Everything else = EXPLORATORY.

Label them explicitly in your notes and later in the paper:

```
CONFIRMATORY RESULTS:
- [result 1]: pre-committed comparison of X vs Y on metric M
- [result 2]: pre-committed ablation of component A

EXPLORATORY RESULTS:
- [result 3]: post-hoc analysis of performance by input length (not pre-committed)
- [result 4]: additional baseline Z (found during analysis, not in protocol)
```

Exploratory results can be just as interesting — but they must be labeled as such
and interpreted more cautiously. They are hypothesis-generating, not hypothesis-confirming.
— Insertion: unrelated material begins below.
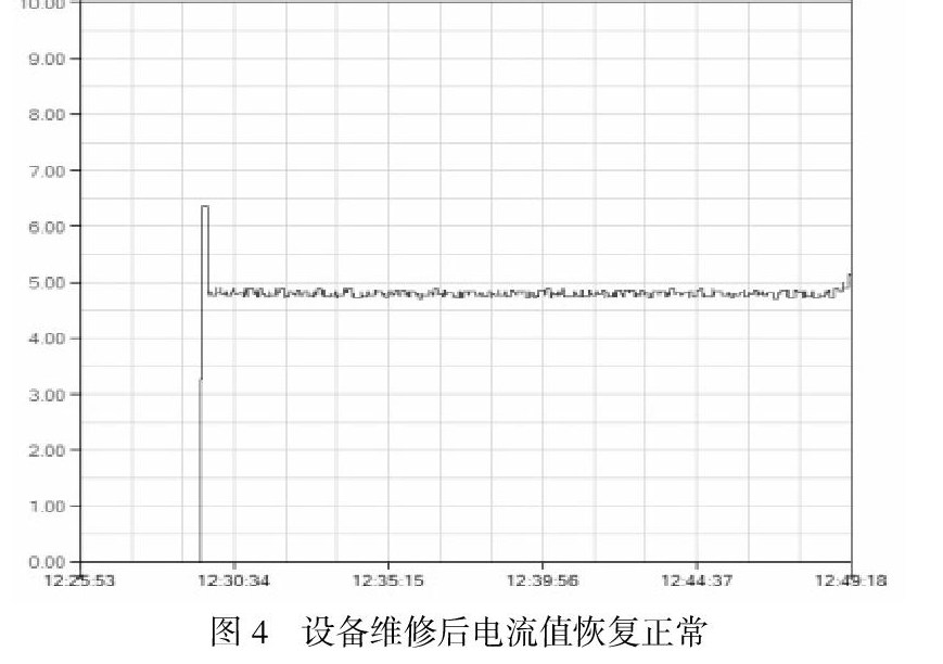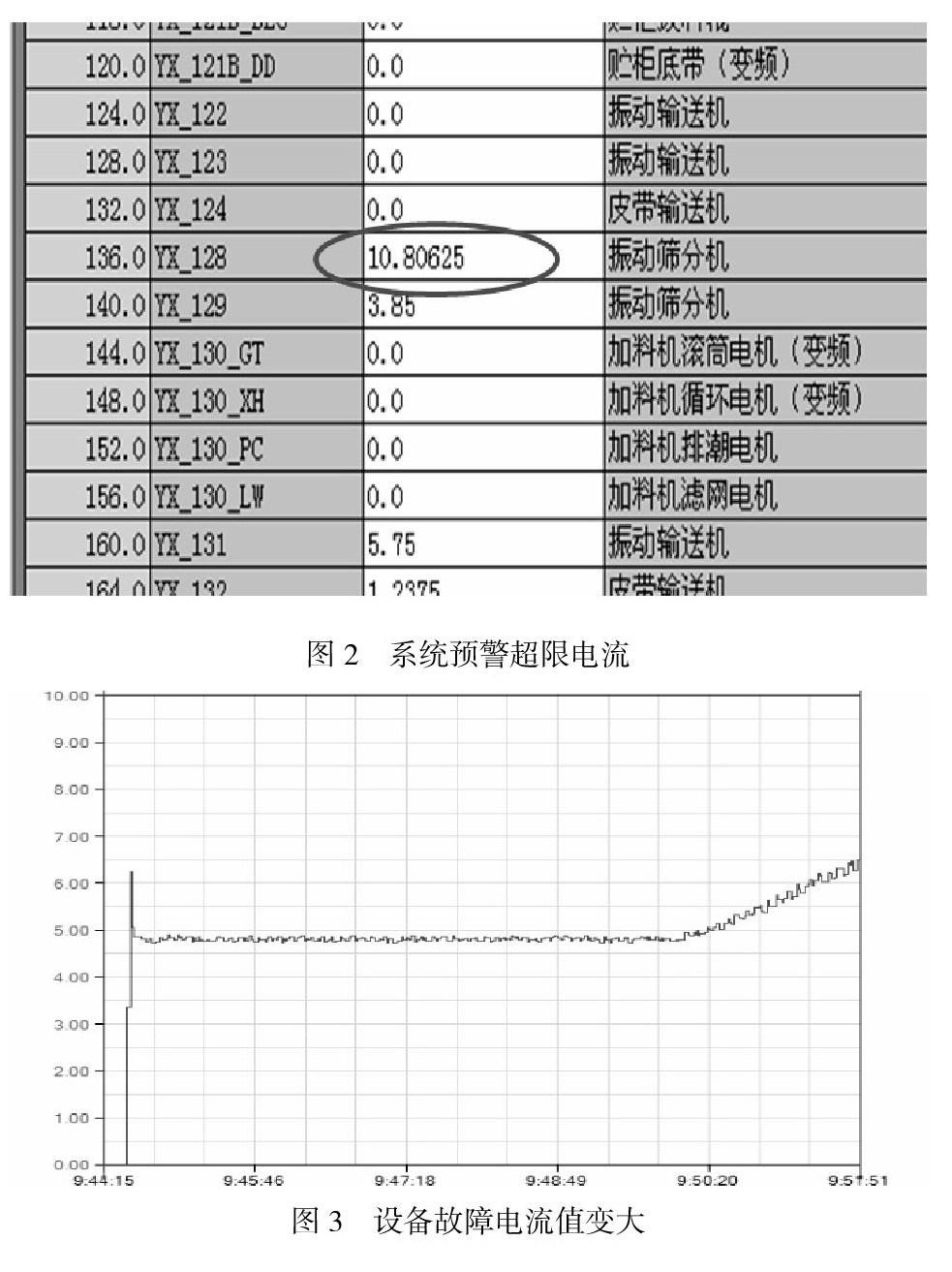 在实际使用过程中时,某线振槽电机在运行时突然出现超过0.8倍的电流值,此时报警模块输出报警信息(见图2),同时上位机趋势图也反映了这一情况(见图3)。修理工进行了全面检查,发现振槽曲轴轴承磨损较严重,更换了轴承后振槽电机电流恢复了正常(见图4)。

### Step 7: Assess Whether the Claim is Supported

Answer these questions honestly:

```
CLAIM ASSESSMENT
1. Does the primary metric support the hypothesis? [yes/no/partially]
2. Is the effect size meaningful (not just statistically significant)? [yes/no]
3. Do ablations confirm the contribution is from our method (not confounders)? [yes/no]
4. Are there important failure modes that limit the claim? [describe]
5. Would we be comfortable if someone tried to replicate this? [yes/no/concerns]
6. What is the honest "headline" of this work? [1 sentence]
```

**If the claim is NOT supported**: this is a valid result. Log it as a negative finding.
Consider whether it is publishable as a negative result or as useful evidence for the
community. Do NOT p-hack, add post-hoc comparisons, or change the primary metric to
find a "positive" result.

### Step 8: Prepare Results for Writing

Organize outputs for the Writing phase:
- Tables: primary results, ablations, error analysis slices
- Figures: learning curves, calibration plots, distribution plots, qualitative examples
- Run ID mapping: which table/figure comes from which tracked run
- Raw numbers: exportable and reproducible from tracked experiments

**Artifact location**: save the consolidated analysis (results, ablations, error analysis,
claim assessment) to `explorations/NNN-slug/analysis.md`.

## Exit Criteria

- [ ] All sanity checks passed
- [ ] Primary analysis completed per pre-committed plan
- [ ] Ablations completed for all identified components
- [ ] Error analysis performed (quantitative + qualitative + behavioral)
- [ ] Uncertainty reported at appropriate levels
- [ ] Confirmatory/exploratory boundary clearly marked
- [ ] Claim assessment completed honestly
- [ ] Results organized and mapped to tracked runs
- [ ] LOGBOX entry recorded (including whether claim is supported)

## Transition

**Forward → Writing**: carry organized results, claim assessment, and run ID mappings.

**Backward → Experiment Design**: if pipeline bugs, data leakage, or ambiguous protocol
issues are found, return to fix and re-run.

**Backward → Lit Review**: if analysis reveals that assumptions from the evidence map
are wrong (e.g., a baseline performs differently than reported), return to investigate.